Cassie paused at the head of the stairs, looking back down at the water far below.
“Thank you,” she said. Aland nodded.
“That’s what the Others took from us,” he said, an angry edge in his voice. “I wanted you to understand that.”
They spent the long darkness finishing the boat and packing food and water. The A
dena Lampak would escort them out a day’s swim away, which would take two days by boat, and then return before darkness. Then they’d be on their own. Jesse had navigation instructions for the overnight portion of the sail - while the stars were out, they could make very good estimates of where they were - and if everything went well, they would reach the area where the Others would intercept them by dawn.
Aland came to see them off; Jeen was not improved enough to be awake. They told Cassie that she was getting better, but when Cassie went down to visit her in the hours before they left, the Adena Lampak looked just as swollen and broken as she ever had, listlessly rising to the surface to breathe as physically enabled by a pair of caretakers.
For a moment, she had been stung that she would be leaving Jeen and Aland, Calenna, to go to the brutes who had done this to Jeen, who had tried to drown her, but she was not so numb to the realities of war to let it change her rational mind.
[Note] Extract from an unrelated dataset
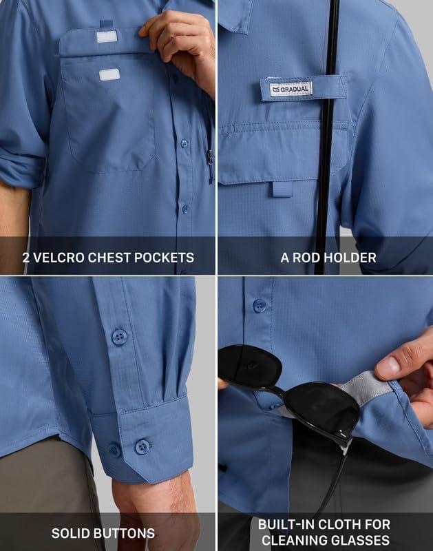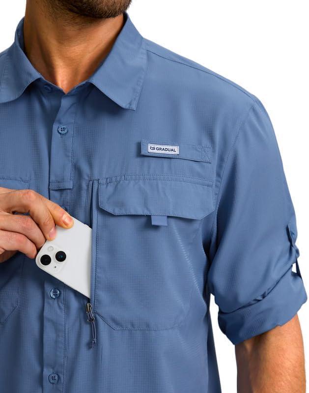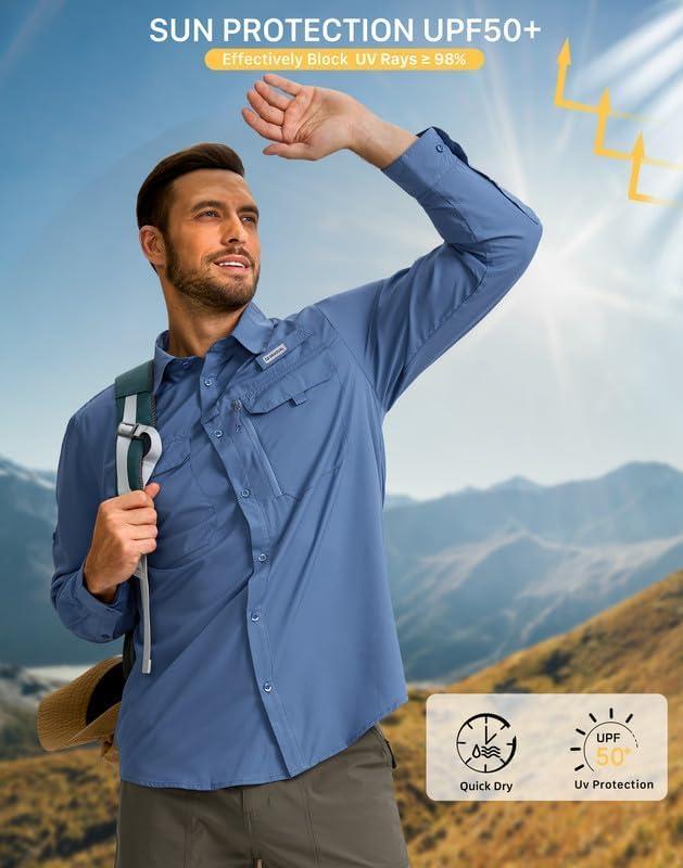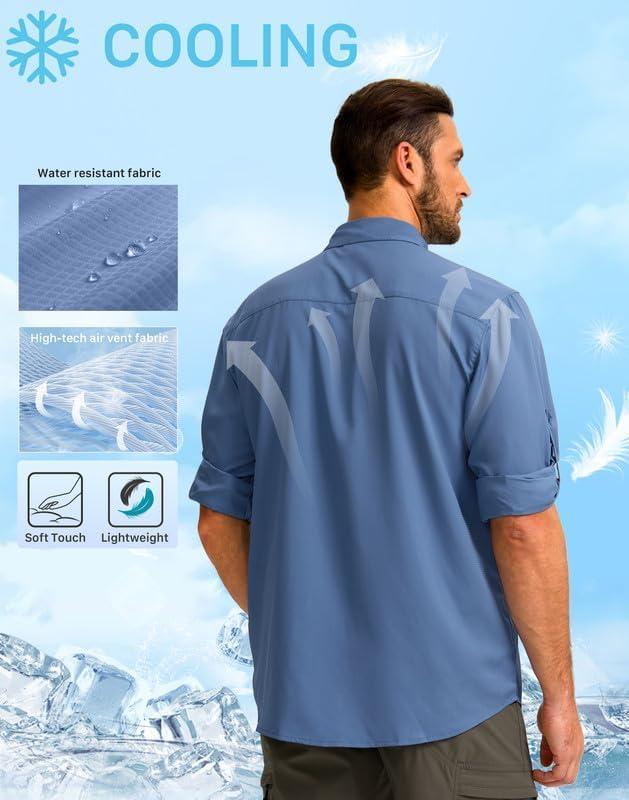 Men's Sun Protection Fishing Shirt with Zipper Pockets Long Sleeve UPF 50+ UV Cooling Shirts for Men Hiking Travel(Dusty Blue)

She had been with a pair of Calenna Adena Lampak. They’d been easy targets, and the Other Adena Lampak had taken the opportunity. No one had yet figured out why they had been so close, so soon after the tides, nor why they wasted their moment of surprise so fruitlessly. There had been an additional raid further out and two Calenna Adena Lampak had died. The Url was maintaining an offense, sending out scouts and raiding groups even as Jesse and Cassie had prepared to go, under the cover of darkness in order to be there at dawn as the farmers went out and while underwater visibility was still poor.
The window of normalcy Cassie had gotten, spending time with Jeen and Aland, was gone. She’d never lived in a country that was in the middle of a survival-scale war, but she’d read enough to recognize it. The normally laissez-faire economy was much more closely controlled by the Url; excess was evaluated for economic benefit verses its equivalent military conversion value. She started to recognize the social strain around her as they gathered supplies and equipment and made their final preparations.
There weren’t many fans of them going, even if the Adena Lampak would have collectively agreed to the value of the attempt at diplomacy. The slaughter of the caretakers had plucked a deep nerve and driven a certain unforgivingness into the Calenna Adena Lampak that made Cassie wonder if diplomacy was already doomed.